Work to be completed
All pictures should be dropped, and only the lines from the top of the entries below through the line containing "sota株 m41株 vp2蛋白" repeated exactly, both ends included.
Supplied records: Begin
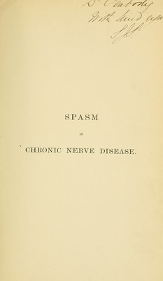 Credit: Spasm in chronic nerve disease : being the Gulstonian lectures delivered at the Royal College of Physicians of London, March 1886. Source: Wellcome Collection.
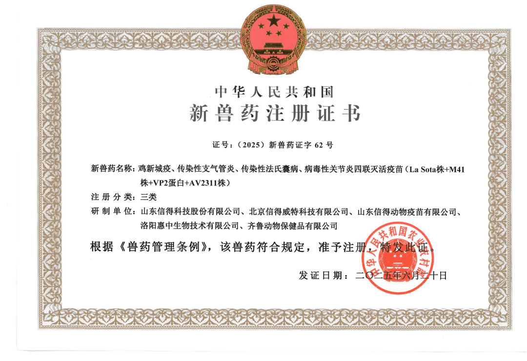 根据《兽药管理条例》和《兽药注册办法》规定,农业农村部经审查,批准山东信得科技股份有限公司、北京信得威特科技有限公司、山东信得动物疫苗有限公司与其他单位联合申报的“鸡新城疫、传染性支气管炎、传染性法氏囊病、病毒性关节炎四联灭活疫苗(la sota株 m41株 vp2蛋白 av2311株)”为新兽药,并于2025年6月20日核发了《新兽药注册证书》。
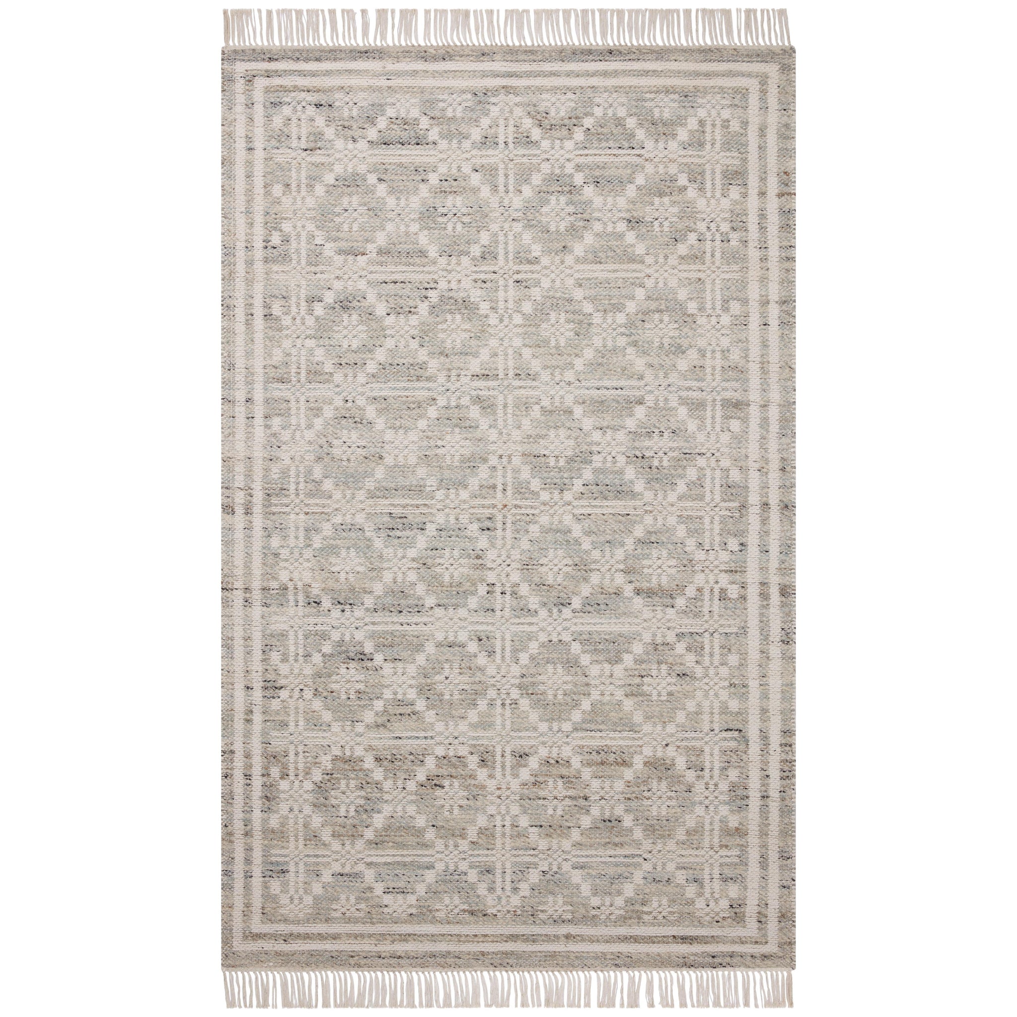 Rivers Riv 02 Lagoon Ivory area rug from the exclusive Rivers Collection by Angela Rose x Loloi. This contemporary flatweave rug boasts a reversible design adorned with symmetrical motifs for a modern touch. Crafted from a blend of wool, cotton, and jute, Rivers seamlessly merges natural materials to achieve an airy and organic look.
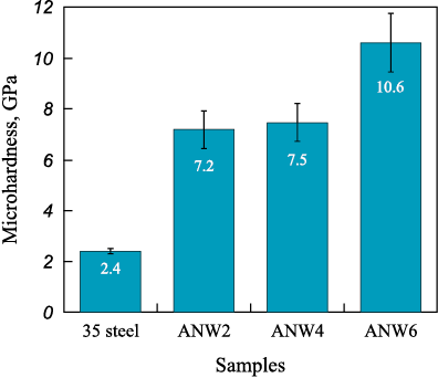 Microhardness measurements of WC/Ni–Al–Fe coatings revealed a monotonic increase in average values from 7.2 to 10.6 GPa as the tungsten carbide powder content in the NLE increased (Fig. 6). The microhardness of ANW2 and ANW4 samples remained similar (~7.5 GPa), which can be attributed to their structural similarity (see Figs. 3, a–d). Literature data indicate that the microhardness of plasma-clad (NiAl)0.8WC0.2–Fe(0–15 wt. %) coatings is significantly lower (4–6 GPa) due to their lower tungsten carbide content [17].
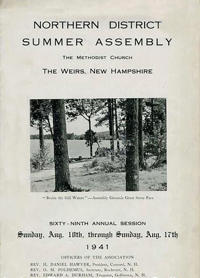 A 1941 circular for the 69th annual summer meeting of the Methodists. This indicates that the first meeting took place in 1873. The “Great Stone Face” in the photo was also known as Profile Rock, many more images of which can be found on the Shore Path webpage on this website.
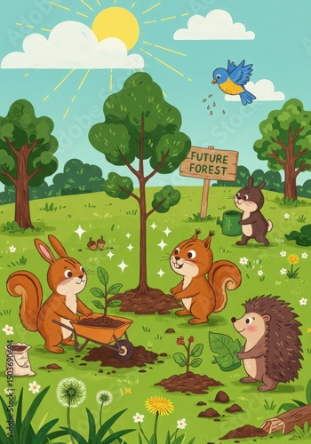 Fototapeta premium Cute Animals Planting Trees: Adorable cartoon animals—squirrels, rabbits, and hedgehogs—collaboratively plant saplings in a vibrant, sun-drenched meadow, fostering a future forest.
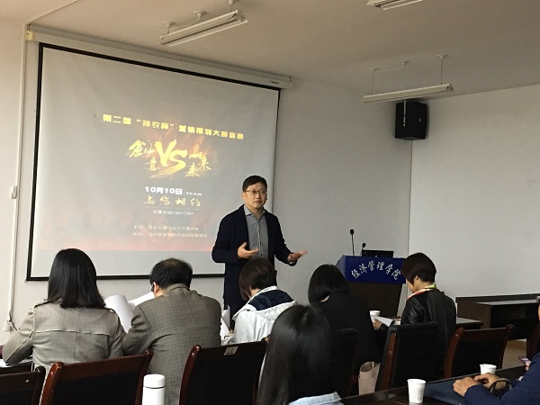 10月10日晚19:00,德赢官网“一院一品”学科竞赛、第二届“神农杯”营销策划大赛复赛在德赢AC米兰C301、C401分两个会场顺利举行。此次比赛由德赢官网市场营销教研室承办,以“创意赢未来”为主题。组委会收到了来自9个学院64个团队257名选手的参赛申请,经过第一轮通讯赛,共有20支团队脱颖晋级复赛。大赛邀请了管理系主任刘超副教授,经济系主任王秀娟副教授、李桦教授等10位教师代表担任评委,200余名师生观摩比赛。
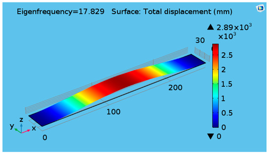 The Strouhal number is assumed to be constant for a broad range of Reynolds numbers and is approximated as 0.2 for cylindrical bluff bodies [30] and 0.15 for flat plate [27]. In this study, the fluttering belt is assumed as a flat plate. For the airflow velocity of 3 m/s and characteristic length of 25 mm, the vortex shedding frequency was found to be 18 Hz; this result is near to the first mode of the natural frequency.
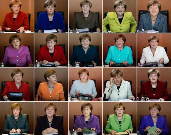 مجموعة صور ملوّنة تُظهِر بعض السترات الملوّنة التي ارتدتها أنجيلا ميركل في اجتماعات مجلس الوزراء، منذ أن جرى انتخابها في عام 2005.
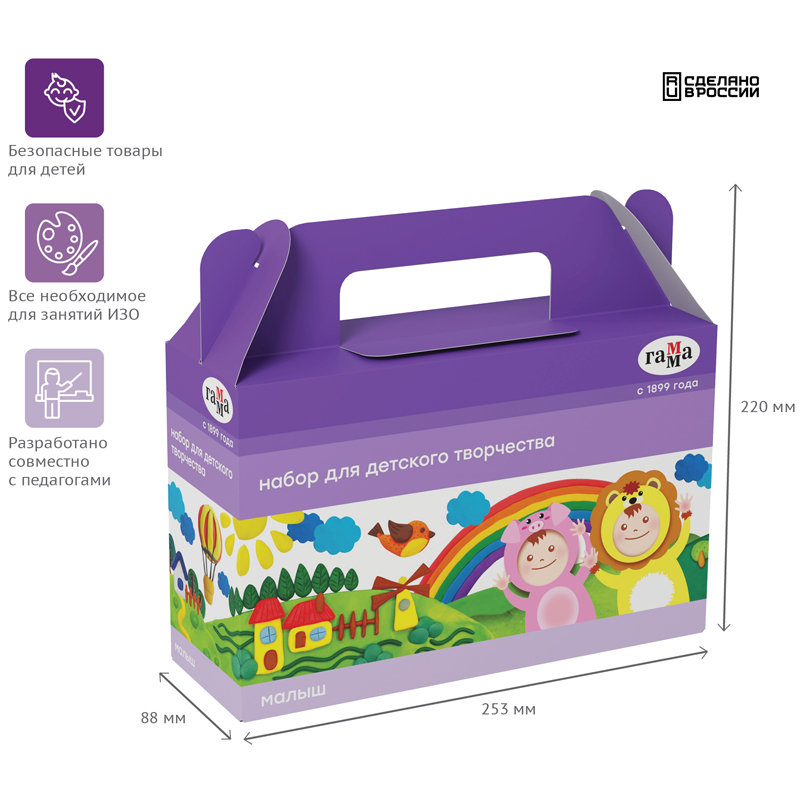 Набор принадлежностей для рисования и творчества ГАММА «Набор для детского творчества «Малыш» создан специально для маленьких начинающих художников. Серия «Малыш» — это новое поколение безопасных продуктов для раннего развития, разработанных на основе натуральных компонентов. Занятия творчеством с раннего возраста развивают цветовое восприятие, мелкую моторику, воображение и пространственный интеллект. Он состоит из 6 предметов, размер коробки – 23,5*8,8*22 см.
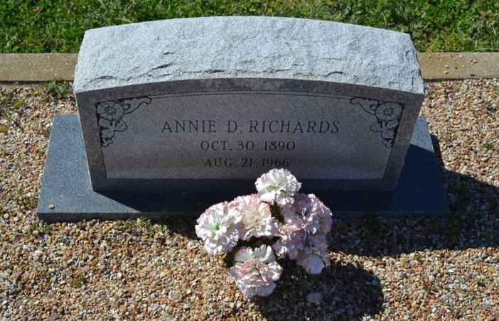 MRS. RICHARDS DIES; SERVICES Mrs. Annie D. Richards, 75, a long-time resident of Milam County, died at 8:30 a. m. Sunday in a Cameron hospital. She is survived by two daughters, Mrs. Josephine Leonard, 302 S. College, Cameron and Mrs. Earl McFarland, Temple; one brother, John Dabbs, Houston; three grandchildren, Thomas Leonard, USAF Puerto Rico, Douglas McFarland, and Miss Charlotte McFarland, both of Temple. Funeral services were held at 4 p. m. Tuesday in the Chapel of Greens Funeral Home in Cameron, Rev. James E. Lafferty officiating. Interment was a North Elm Cemetery. The Cameron Herald, 25 Aug 1966
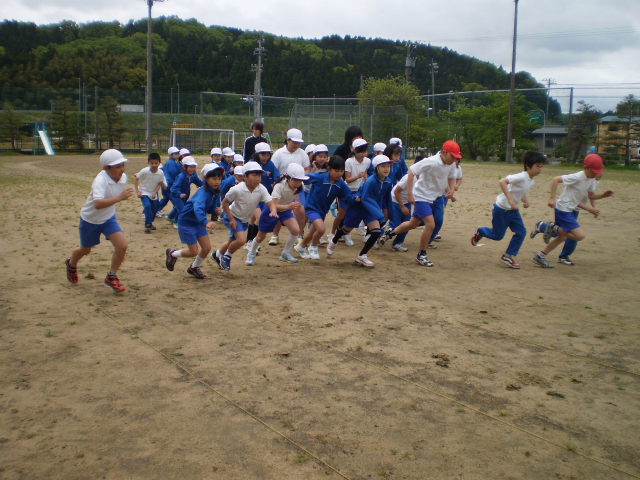 毎週金曜日の長休み時間に、全校で「パワーアップタイム」を今年度から取り組むようにしました。今日は、少し小雨の降る肌寒い日でしたが、全校児童は元気に運動場へ出て走りました。自分の体力アップを目的に、5分間で運動場を何周走ることができるか、挑戦します。走った距離は、「マラソンカード」に記録していきます。みんな張り切って走っています。
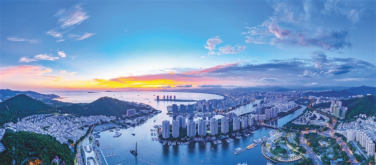近日,绚丽的晚霞“染红”三亚湾,把城市装点得更加美丽壮观。在刚刚结束的端午假期,叠加毕业季旅游热的三亚旅游市场出现客流小高峰,全市共接待游客41.22万人次,同比增长47.69%,旅游市场持续火热。图/本报记者 王程龙 文/本报记者 李艳玫
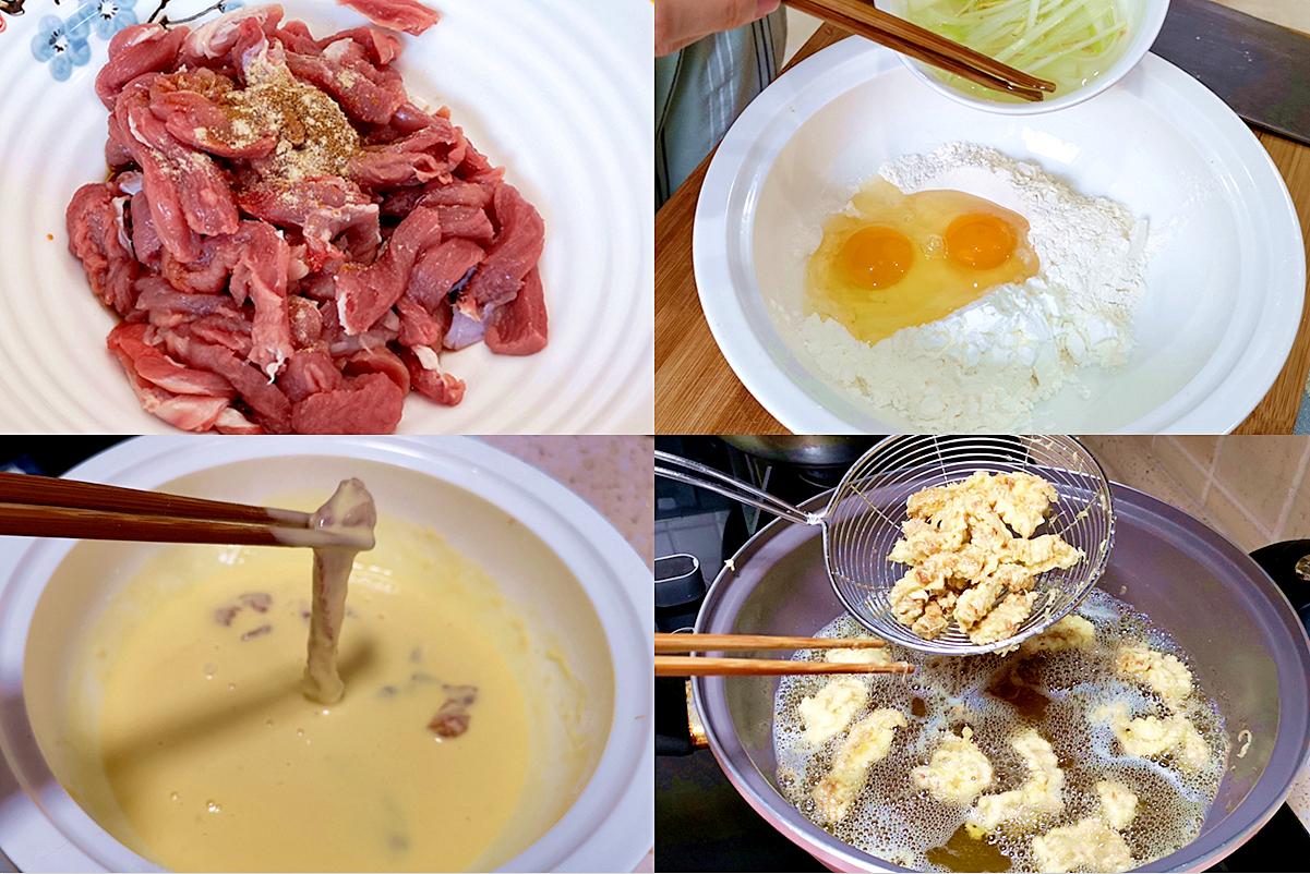 3. 把醃好的肉條放入麪糊中,均勻地掛上一層面衣。
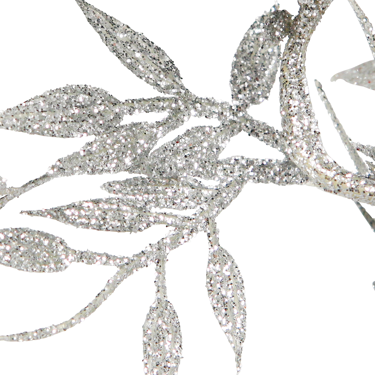 A atenção aos detalhes se reflete nas folhas finamente trabalhadas, com acabamento em glitter prateado. Um chamariz que não pode faltar em eventos e festas, como decoração de vitrine ou decoração de casamento. Coloque a nossa decoração brilhante suspensa sobre a moldura da porta, projete com estilo a moldura da sua janela ou adicione detalhes elegantes à sua parede.
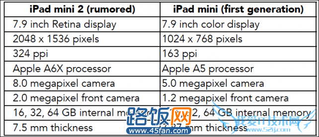 欢迎您访问52ij手机之家,今天小编为你分享的是手机知识是:【配置提升不少!曝iPad Mini 2新参数】,下面是详细的分享!
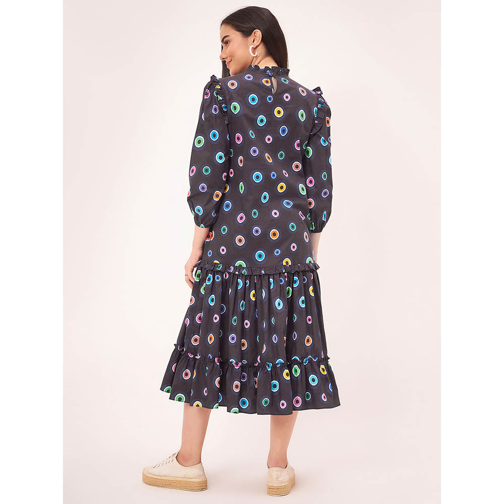 First Resort by Ramola Bachchan Black Evil Eye Frill Midi Length Dress
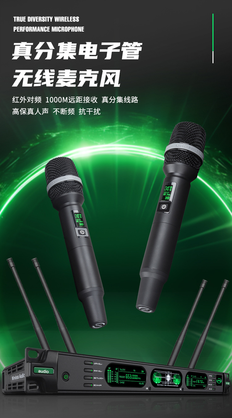 새로운 국경 전자 튜브 진정한 다양성 일대일 무선 마이크 U-세그먼트 휴대용 성능 KTV 진정한 다양성 야외
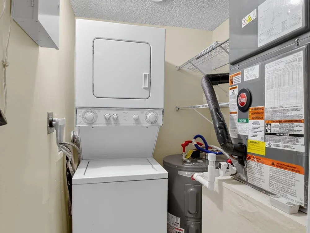 - Dishwasher, Dryer, Microwave, Electric Range, Refrigerator, Washer, Electric Water Heater
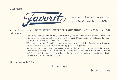 Preview: Favorit 98 ccm Sachs Motor Prospekt 1936
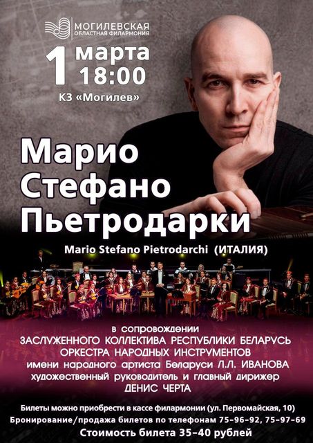 В Могилеве 1 марта состоится концерт Марио Стефано Пьетродарки. Итальянский мастер игры на бандонеоне, исполнитель, обладающий утонченным музыкальным вкусом, выступит в концертном зале «Могилев» в сопровождении заслуженного коллектива Республики Беларусь оркестра народных инструментов имени народного артиста Беларуси Л.Л. Иванова (художественный руководитель и главный дирижер Денис Черта).
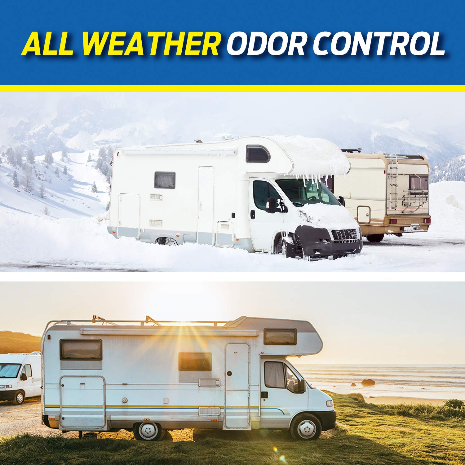 - Combats odors & breaks down waste in RV, marine and portable toilet holding tanks.
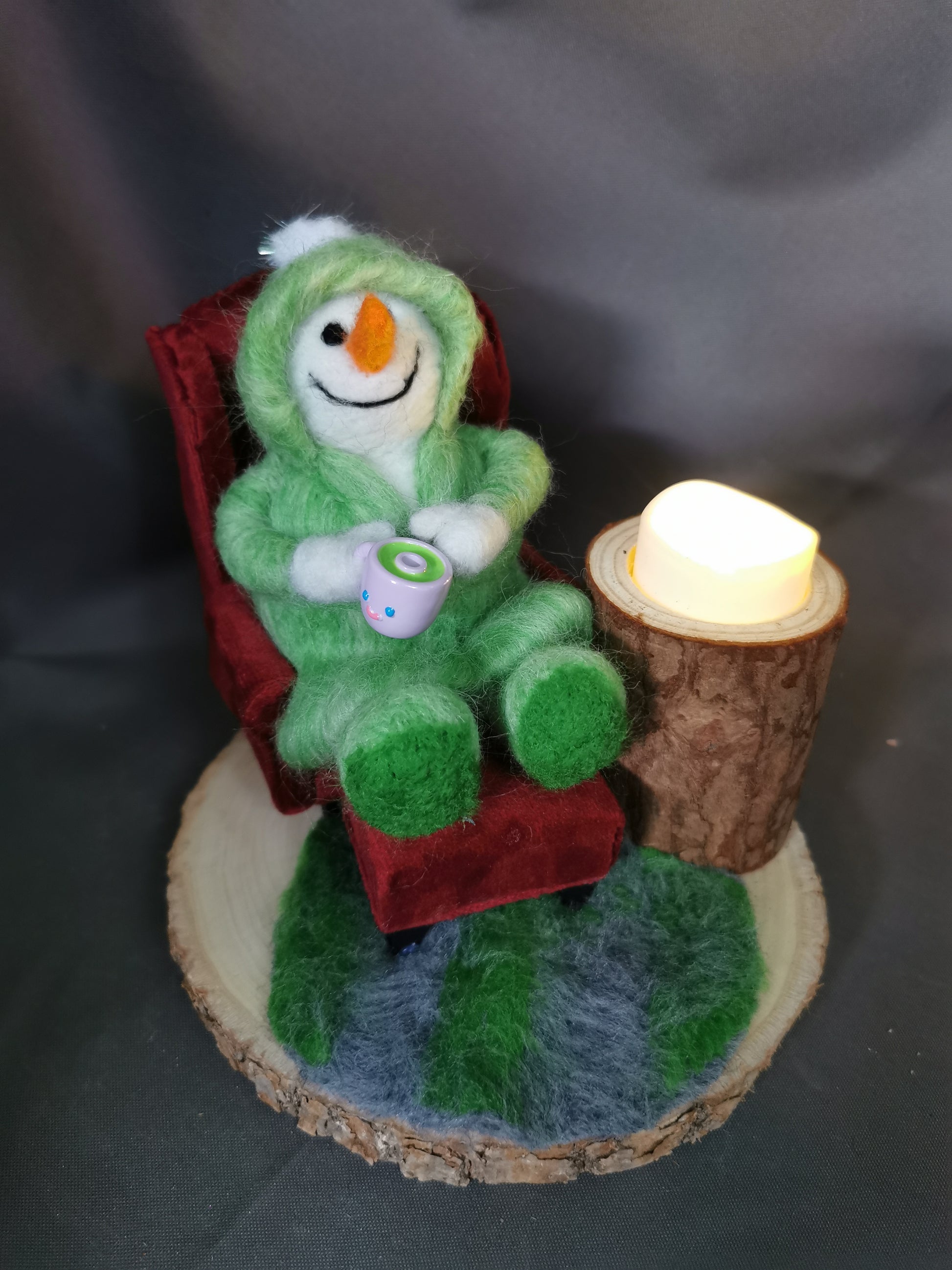 Filz Schneemann im Bademantel auf einem schönen Sessel mit Hocker und Licht, auf großer Holzscheibe, handgefertigt Einzelstück
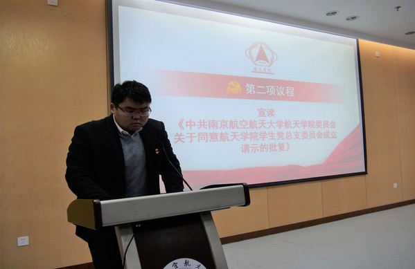 会上,学院组织员丁亮宣读了《中共南京航空航天大学英国正版365官方网站委员会关于申请成立英国正版365官方网站学生党总支的批复》。学院党委副书记林晓同志作了题为《凝心聚力再出发,砥砺奋进新征程,为培养社会主义建设者和接班人不懈奋斗》的学生党建工作报告,报告阐述了党总支成立的背景以及前期筹备情况,全面回顾总结了近年来学院学生党建主要工作及取得的丰硕成果,并对党总支未来工作进行了规划与展望。
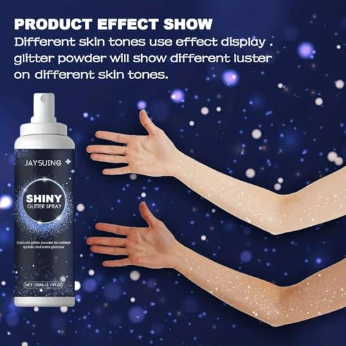 The highlight powder made of light and thin refreshing texture, can effectly enhance the stereoscopic facial contour, make the face sparkle and leave your makeup more shine and charming. Versatile: Our body glitter spray can be used not only on the Body, but also in Rave Hair Body Face Clothes Nail Art Craft Design. Applicable to all scenarios: Festival Carnival Concert Party Beauty Rave, dance parties, holiday events, weddings, shows, stages, bars, clubs, etc. With just a casual spray, you can be sparkling in a crowd. Package including 1 x silver body glitter for body,face and hair,the small size design is very convenient for everyday carry, so you can give it to your friend, girlfriend or wife for dazzling glitter and creative makeup ideas. Using Tips: For a better glitter effect, we suggest you prep your body/skin with a lotion/moisturizer beforehand so the glitter can attach skin in place well, it will minimize fall out and maximize sparkle
Supplied records: End
Expected output
 Credit: Spasm in chronic nerve disease : being the Gulstonian lectures delivered at the Royal College of Physicians of London, March 1886. Source: Wellcome Collection.
 根据《兽药管理条例》和《兽药注册办法》规定,农业农村部经审查,批准山东信得科技股份有限公司、北京信得威特科技有限公司、山东信得动物疫苗有限公司与其他单位联合申报的“鸡新城疫、传染性支气管炎、传染性法氏囊病、病毒性关节炎四联灭活疫苗(la sota株 m41株 vp2蛋白 av2311株)”为新兽药,并于2025年6月20日核发了《新兽药注册证书》。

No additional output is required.